Top of STUDY MATERIAL
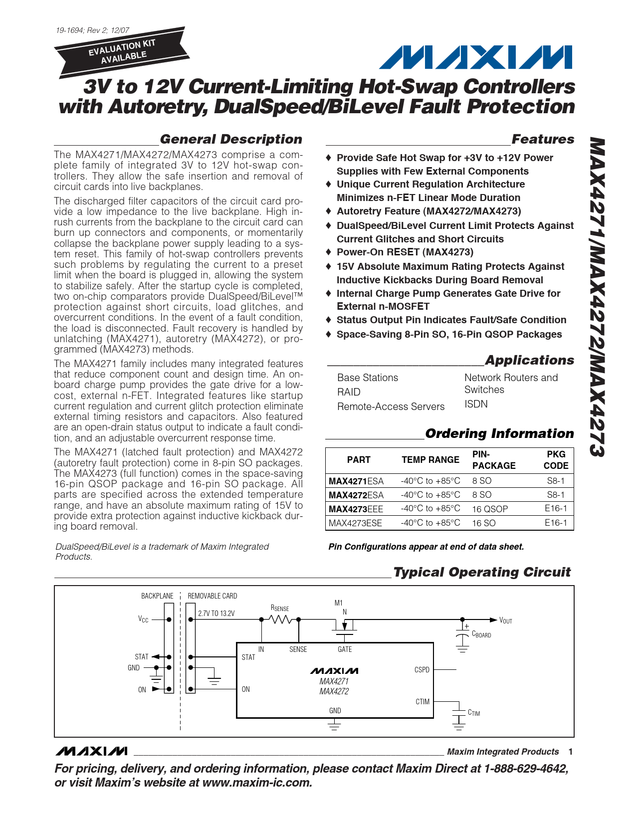 19-1694; Rev 2; 12/07 EVALUATION KITAVAILABLE3V to 12V Current-Limiting Hot-Swap Controllerswith Autoretry, DualSpeed/BiLevel Fault ProtectionMAX4271/MAX4272/MAX4273General DescriptionFeatures The MAX4271/MAX4272/MAX4273 comprise a com- ♦ Provide Safe Hot Swap for +3V to +12V Power plete family of integrated 3V to 12V hot-swap con- Supplies with Few External Components trollers. They allow the safe insertion and removal of circuit cards into live backplanes. ♦ Unique Current Regulation Architecture The discharged filter capacitors of the circuit card pro- Minimizes n-FET Linear Mode Duration vide a low impedance to the live backplane. High in- ♦ Autoretry Feature (MAX4272/MAX4273) rush currents from the backplane to the circuit card can ♦ DualSpeed/BiLevel Current Limit Protects Against burn up connectors and components, or momentarily Current Glitches and Short Circuits collapse the backplane power supply leading to a sys- tem reset. This family of hot-swap controllers prevents ♦ Power-On RESET (MAX4273) such problems by regulating the current to a preset ♦ 15V Absolute Maximum Rating Protects Against limit when the board is plugged in, allowing the system Inductive Kickbacks During Board Removal to stabilize safely. After the startup cycle is completed, two on-chip comparators provide DualSpeed/BiLevel™ ♦ Internal Charge Pump Generates Gate Drive for protection against short circuits, load glitches, and External n-MOSFET overcurrent conditions. In the event of a fault condition, ♦ Status Output Pin Indicates Fault/Safe Condition the load is disconnected. Fault recovery is handled by ♦ unlatching (MAX4271), autoretry (MAX4272), or pro- Space-Saving 8-Pin SO, 16-Pin QSOP Packages grammed (MAX4273) methods. The MAX4271 family includes many integrated features ________________________Applications that reduce component count and design time. An on- Base Stations Network Routers and board charge pump provides the gate drive for a low- Switches cost, external n-FET. Integrated features like startup RAID current regulation and current glitch protection eliminate Remote-Access Servers ISDN external timing resistors and capacitors. Also featured are an open-drain status output to indicate a fault condi- tion, and an adjustable overcurrent response time. Ordering Information The MAX4271 (latched fault protection) and MAX4272 PIN-PKG (autoretry fault protection) come in 8-pin SO packages. PARTTEMP RANGEPACKAGECODE The MAX4273 (full function) comes in the space-saving 16-pin QSOP package and 16-pin SO package. All MAX4271 ESA -40°C to +85°C 8 SO S8-1 parts are specified across the extended temperature MAX4272 ESA -40°C to +85°C 8 SO S8-1 range, and have an absolute maximum rating of 15V to MAX4273 EEE -40°C to +85°C 16 QSOP E16-1 provide extra protection against inductive kickback dur- ing board removal. MAX4273ESE -40°C to +85°C 16 SO E16-1 DualSpeed/BiLevel is a trademark of Maxim Integrated Pin Configurations appear at end of data sheet. Products. Typical Operating Circuit BACKPLANE REMOVABLE CARD M1 RSENSE N 2.7V TO 13.2V VCC VOUT CBOARD IN SENSE GATE STAT STAT GND CSPD MAX4271 ON ON MAX4272 CTIM GND CTIM ________________________________________________________________ Maxim Integrated Products1For pricing, delivery, and ordering information, please contact Maxim Direct at 1-888-629-4642, or visit Maxim’s website at www.maxim-ic.com.
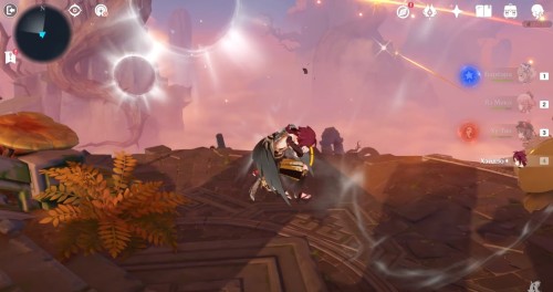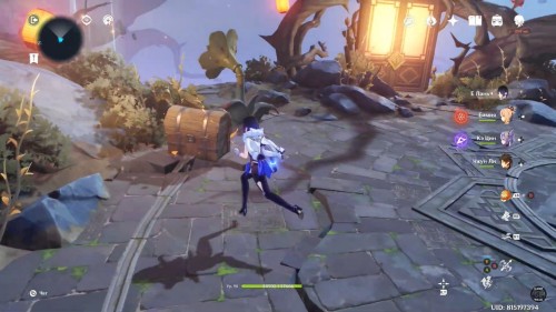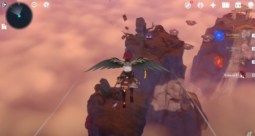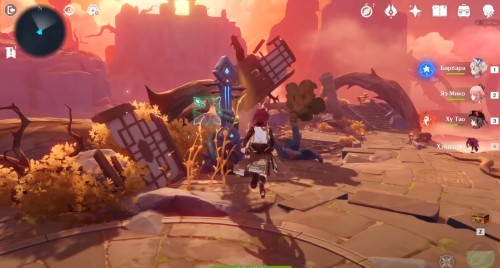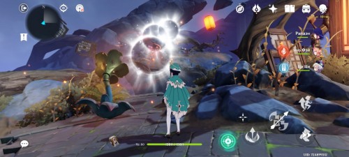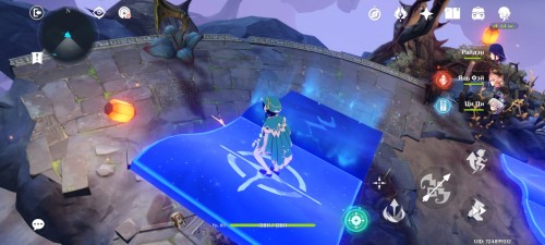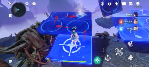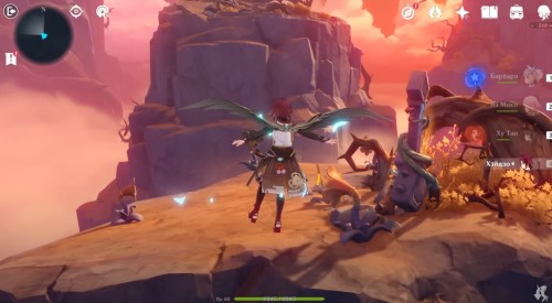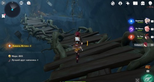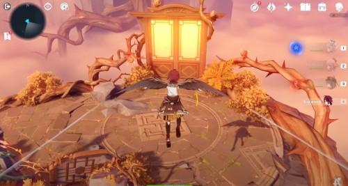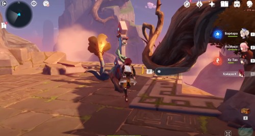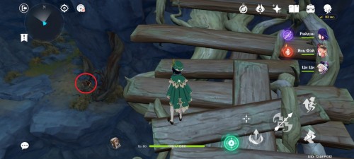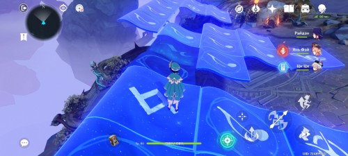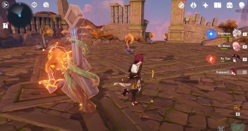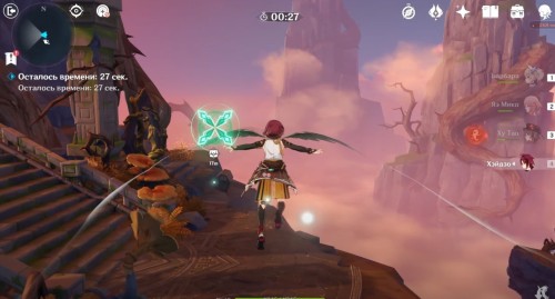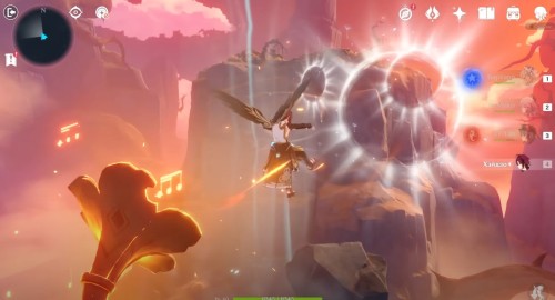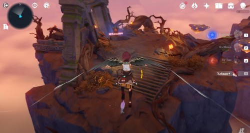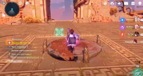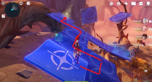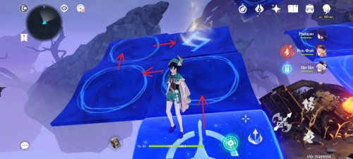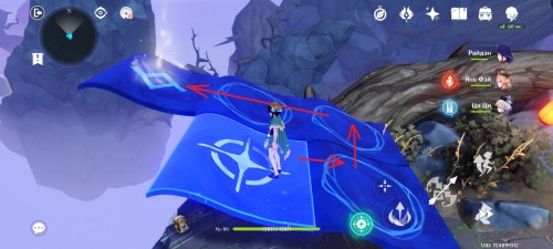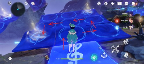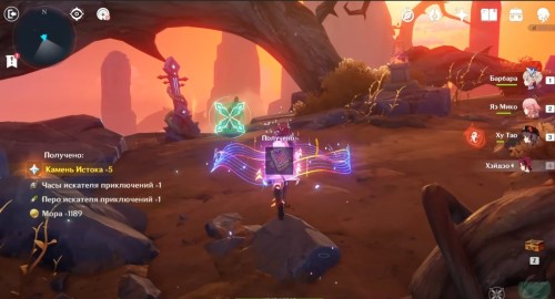 Далее снова сыграйте на арфе, чтобы создать новые ветряные кольца. Пролетите через них, дабы попасть на большую скалу с руинами. Вы попадете на арену с хиличурлами и лавачурлами. Разберитесь со всеми противниками для снятия барьера с драгоценного сундука впереди.
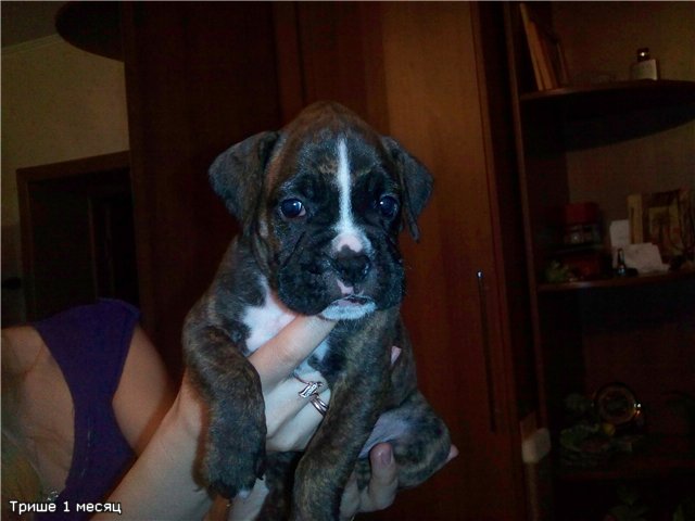 Добрый день, уважаемые форумчане-боксероводы! Решила присоединиться к вашей компании и познакомиться. Меня зовут Елена, мою девочку Триша. Родилась она 05,08,12. Это моя вторая собака. Первая, тигровая девочка, прожила с нами 13 лет. После того как ее не стало, дом просто опустел. Никто не встречал, не лез с поцелуями. Муж за 2 недели похудел на 8 кг.
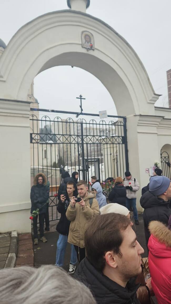 Los moscovitas también pidieron perdón a los padres de Navalni, cuando estos abandonaban la iglesia tras el velatorio.
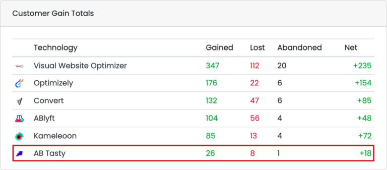 Les données indépendantes de BuiltWith montrent une tendance claire sur le marché de l'A/B testing. Alors que de nombreux outils traditionnels perdent des clients, Varify enregistre justement une croissance parmi les anciens utilisateurs d'AB Tasty.
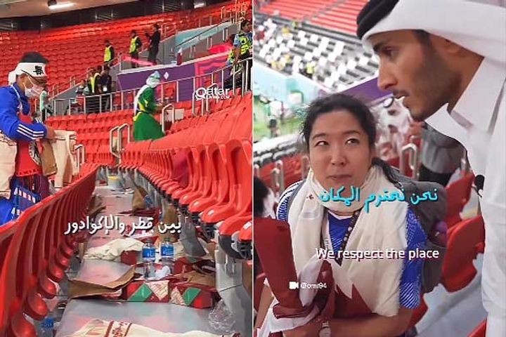 Japanese fans attending the FIFA World Cup 2022 went viral online for their goodwill act. After a thrilling football World Cup match, the folks from Japan cleaned up the stands by picking up plastic bottles and wrappers. The video of the Japanese football fans clearing Doha's Al-Bayt Stadium after the crowd left went crazy viral on the web. Netizens praised the thoughtful action.
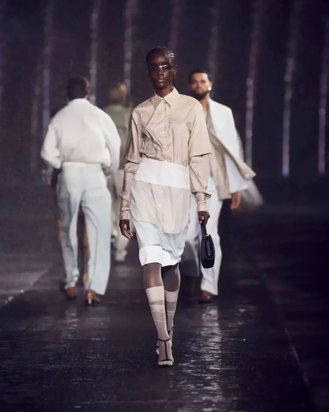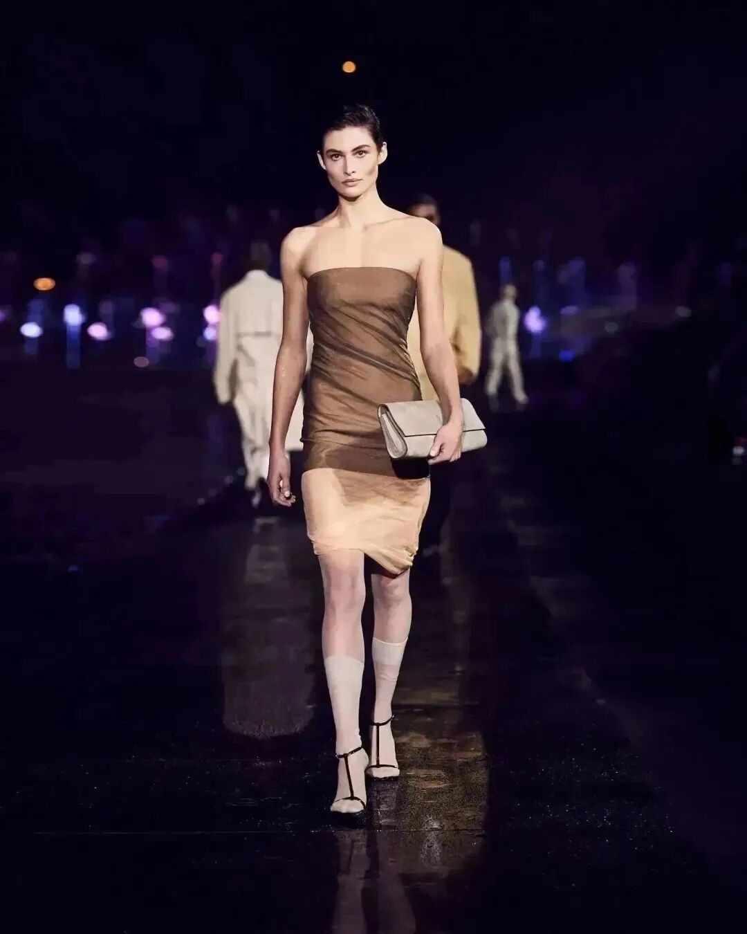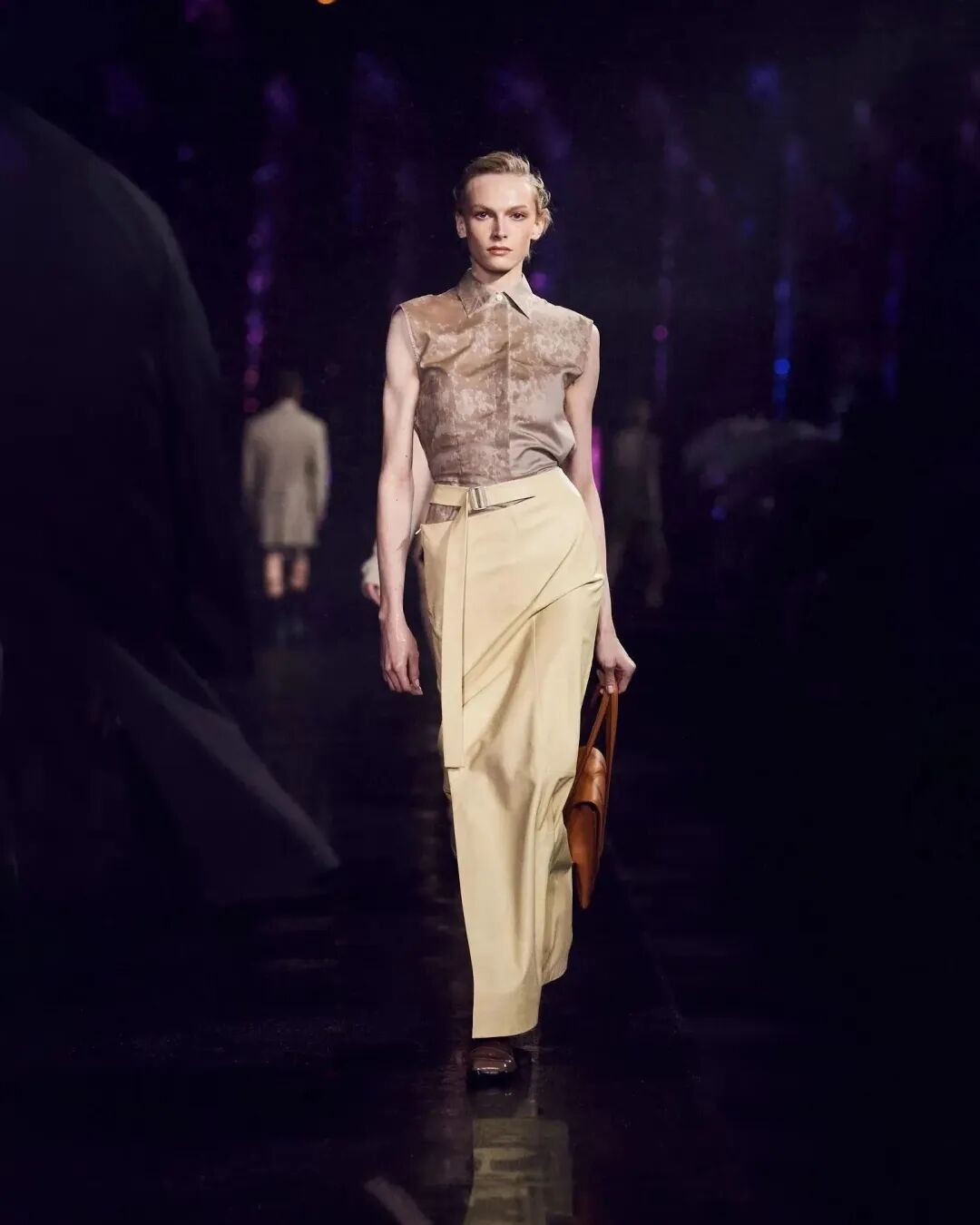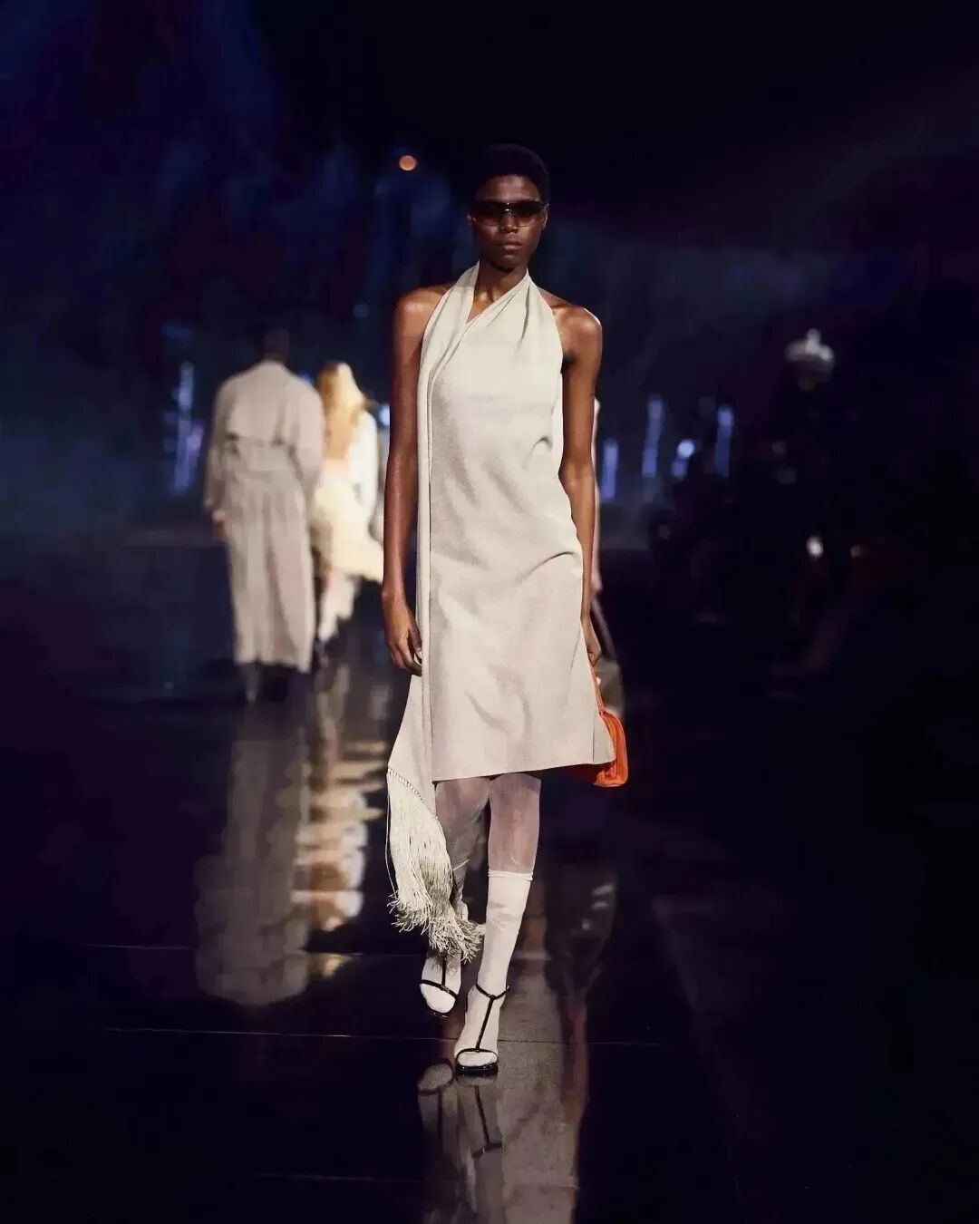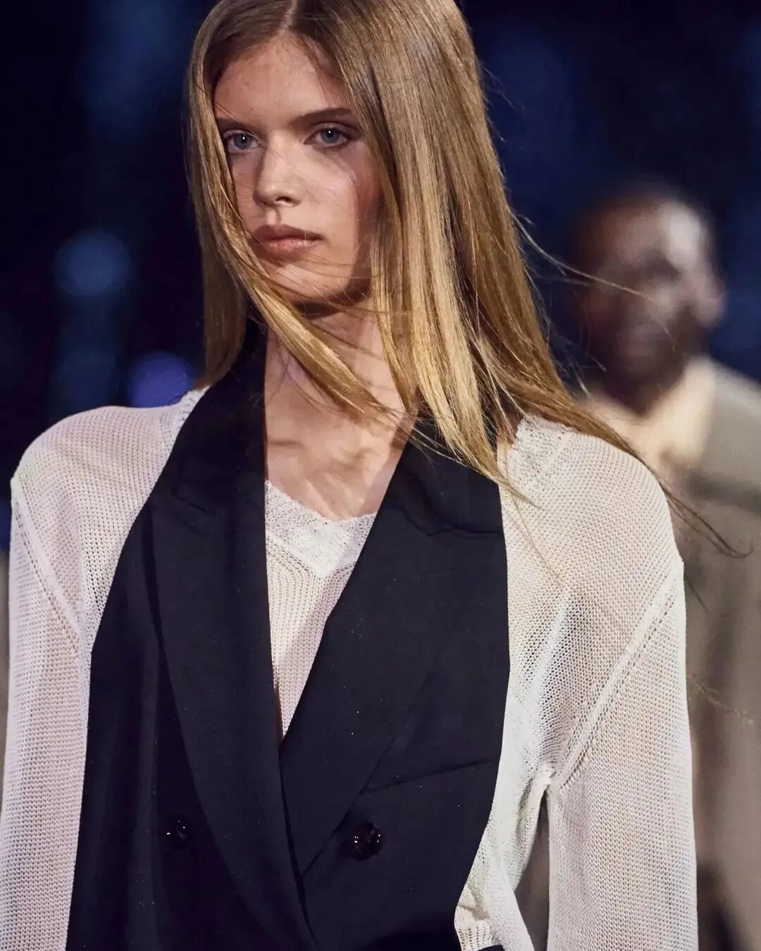 高級的性感在於不經意的“露”,神秘感始終能夠為慾望帶來原始衝動。對比元素之間的微妙張力成為此係列的核心主題之一——固態與流動性、陸地與海洋、不透明與透明、過往與現在。BOSS在這季將輕薄的面料與分明的結構輪廓巧妙融合,垂墜的薄紗中透露出些許裸色肌膚,筆直流暢的剪裁下猶如嚴謹的建築線條,在剋制和隱約中將性感的張力展現得淋漓盡致。你可以把他理解為old money眼中的復古趣味,也可以理解為直白的挑逗,但皆是為了讓人們在無垠遐想中體味時裝語言的魅力,展現真我風範。
Bottom of STUDY MATERIAL
- _REQUIREMENT_: Where the line with "Japanese fans attending" appears in the entries above, begin there and restate every line to the end word for word, minus the pictures.

- _YOUR SOLUTION_:
 Japanese fans attending the FIFA World Cup 2022 went viral online for their goodwill act. After a thrilling football World Cup match, the folks from Japan cleaned up the stands by picking up plastic bottles and wrappers. The video of the Japanese football fans clearing Doha's Al-Bayt Stadium after the crowd left went crazy viral on the web. Netizens praised the thoughtful action.
 高級的性感在於不經意的“露”,神秘感始終能夠為慾望帶來原始衝動。對比元素之間的微妙張力成為此係列的核心主題之一——固態與流動性、陸地與海洋、不透明與透明、過往與現在。BOSS在這季將輕薄的面料與分明的結構輪廓巧妙融合,垂墜的薄紗中透露出些許裸色肌膚,筆直流暢的剪裁下猶如嚴謹的建築線條,在剋制和隱約中將性感的張力展現得淋漓盡致。你可以把他理解為old money眼中的復古趣味,也可以理解為直白的挑逗,但皆是為了讓人們在無垠遐想中體味時裝語言的魅力,展現真我風範。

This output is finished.